Ich sehe das Problem noch weniger gegeben, weil Gott selbst daran beteiligt war, wen er für ihn als Zeuge auftreten und sprechen lässt. Das ist der kardinale Unterschied zu Prozessen wie vor Pilatus und dem Hohen Rat, die fast nur unzulängliche Zeugen zu Verfügung hatten.

Von einer totalen Perfektion seiner Zeugen hat Gott dabei aber nie geredet. Grundsätzlich möglich ist daher wie oben berschrieben sowohl 1) als auch 2). In unserem Fall tendiere ich zu 2).

Es gibt da noch eine weitere Möglichkeit , die Sache zu deuten.

Ich hatte einfach mal im Internet "die sechste Stunde" eingetippt und da kamen direkt verschiedene biblische Seiten. Die waren hilfreich und sagen , daß Johannes der römischen Zeitrechnung gefolgt ist und diese Zeitrechnung beginnt, wie die unsere, um Mitternacht.

https://www.bibelstudium.de/articles/11 ... elium.html

Die jüdische Zeitrechnung berechnet den Tag vom Aufgang der Sonne bis zu ihrem Niedergang, sodaß die 3 Stunde , zu der laut Markus Evangelium stattgefunden hat in etwa der 9 Stunde nach römischer Zeitrechnung entspricht. Dann stimmt alles wieder.

Zur 6 Stunde , nach römischer Zeitrechnung war laut Joh 19,14 die Verurteilung noch im vollen Gange. Es kam auch noch die Verspottung durch die Soldaten, welche dem Herrn ein Gewand angelegt hatten und ein Rohr in die Hand gegeben. Eine schreckliche Zeit, die aber dennoch einen genauen Zeitplan einhält.

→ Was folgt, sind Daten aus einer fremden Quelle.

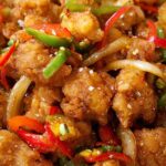 Salt and Chilli Chicken is a flavorful and crispy Chinese-inspired dish featuring marinated chicken thighs coated in a crunchy cornflour batter, stir-fried with aromatic garlic, vibrant peppers, and fiery bird’s eye chillies. Perfect as a delicious main course, this recipe combines the richness of sesame oil and fragrant Chinese 5 spice with a satisfying crunchy texture.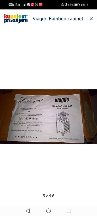 - Paket sadrži uputstvo za sastavljanje (Viagdo Bamboo Cabinet Instructions).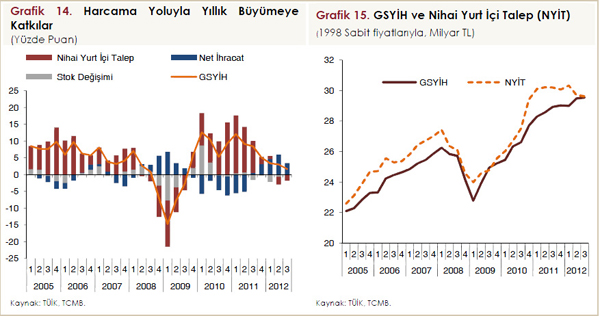 45. 2012 yılının başlarından itibaren küresel risk iştahı kademeli olarak iyileşme eğilimine girerken, ekonomideki dengelenme süreci belirginleşmiştir. Bu dönemde uyguladığımız para politikası ve alınan makro ihtiyati tedbirlerin kredi büyümesini yavaşlattığından ve Türk lirasındaki aşırı değerlenmenin giderildiğinden bahsettik. Bu gelişmeler büyüme kompozisyonunun net ihracat lehine değişmesini sağlamıştır. 2011 yılının ikinci yarısından itibaren yurt içi nihai talep yatay bir seyir izlerken net ihracatın katkısındaki belirgin artış ile GSYİH büyümeye devam etmiştir Böylelikle, ekonomi dengelenme sürecine girmiş ve makro finansal riskler sınırlanmıştır.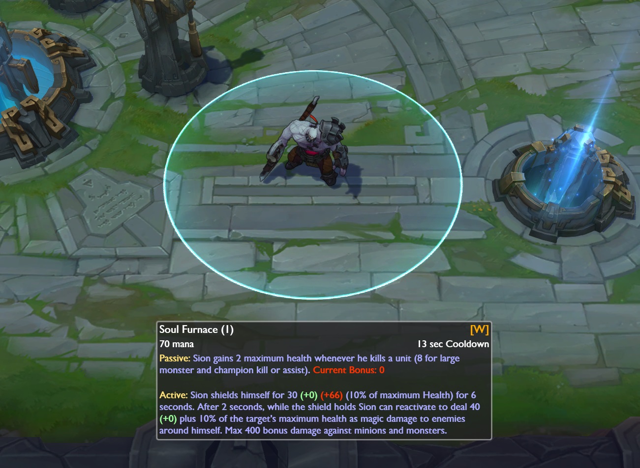 Passive : : les PV max de Sion augmentent à chaque fois qu'il tue une unité.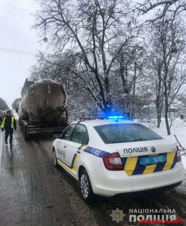 Вночі 12 грудня в Калинівському районі водій вантажного автомобіля «DAF»  не впорався з керуванням транспортного засобу,внаслідок чого з’їхав на узбіччя та застряг у снігу. Водій вантажівки звернувся за допомогою до поліції,  зателефонувавши  на спецлінію «102» .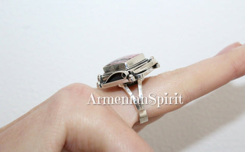 Sterling silver 925, real rhodonite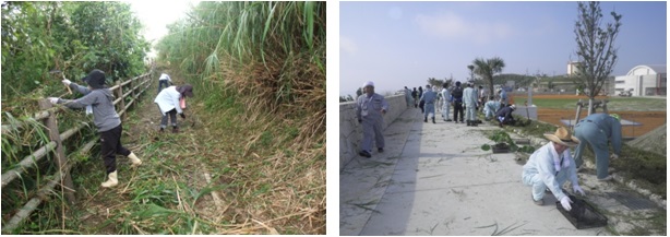 - 具体的には、ハンタ道、世界遺産中城城跡のツワブキの植栽による美化、またハンタ道道中や中城城内及び城壁石垣の清掃、草刈が活動の一環でもある。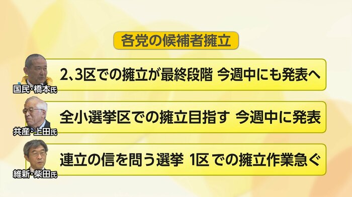 国民民主党県連の橋本雅雄幹事長は「2区3区での候補者擁立が最終段階であるとし、今週中にも発表したい」としています。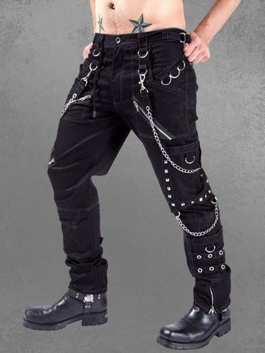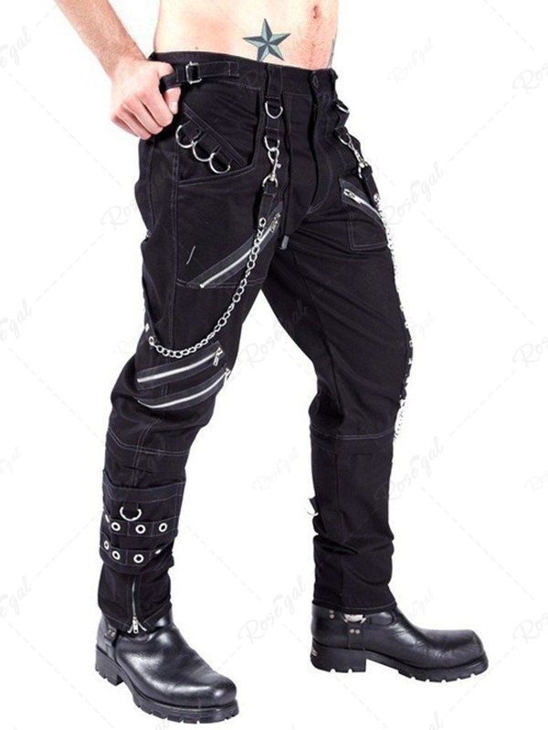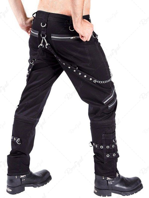 Gothic Punk Rock Chain Zipper Grommet D-Ring Pocket Topstitching Casual Pants For Men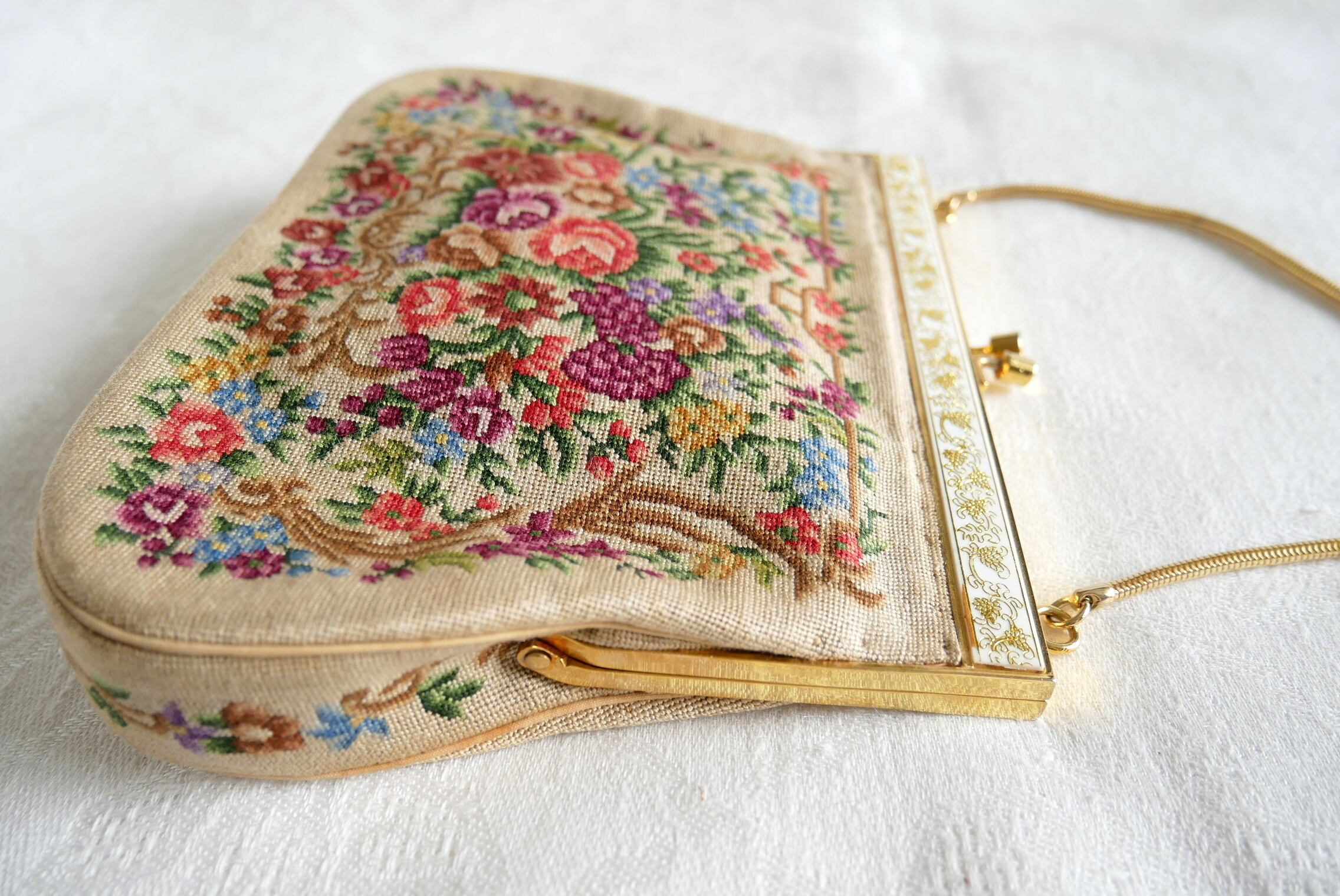 バラのブーケのプチポワン カクテル&パーティバッグ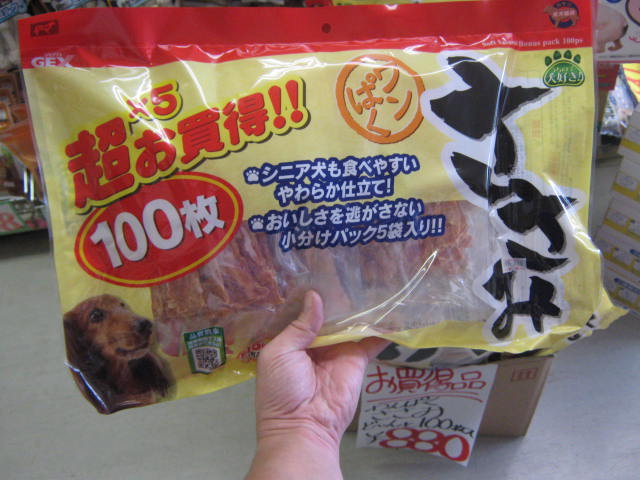 先日、あるお客様に「犬のおやつで安くて沢山入ってるやつは無いの?」と言われ、改めてそういう目でお店を見てみると、確かにあまり無い…!!

Die Verurteilung wird nach römischer Zeit gerechnet, die Kreuzigung nach jüdischer Zeit. Hier geht es ja auch um das Heilsgeschehen. Das scheint mir einleuchtend.

Mir fiel übrigens auch noch auf, daß der Herr Jesus mit seinen Jüngern das Passah- bzw. Abendmahl am Tag vor der Verurteilung und Kreuzigung gehalten hat. Dafür gibt es sicherlich auch eine Erklärung ? Für die anderen Juden stand doch das Passahfest erst bevor. In Joh 19 steht , daß es sich bei dem Tag der Verurteilung um den Rüsttag zum Passah fest gehandelt hat. Vielleicht gab es ja auch, zwei Termine ?

Dann kam der Gang in den Garten Gethsemane und die Verhaftung, Verhandlung und Kreuzigung alles hintereinander weg.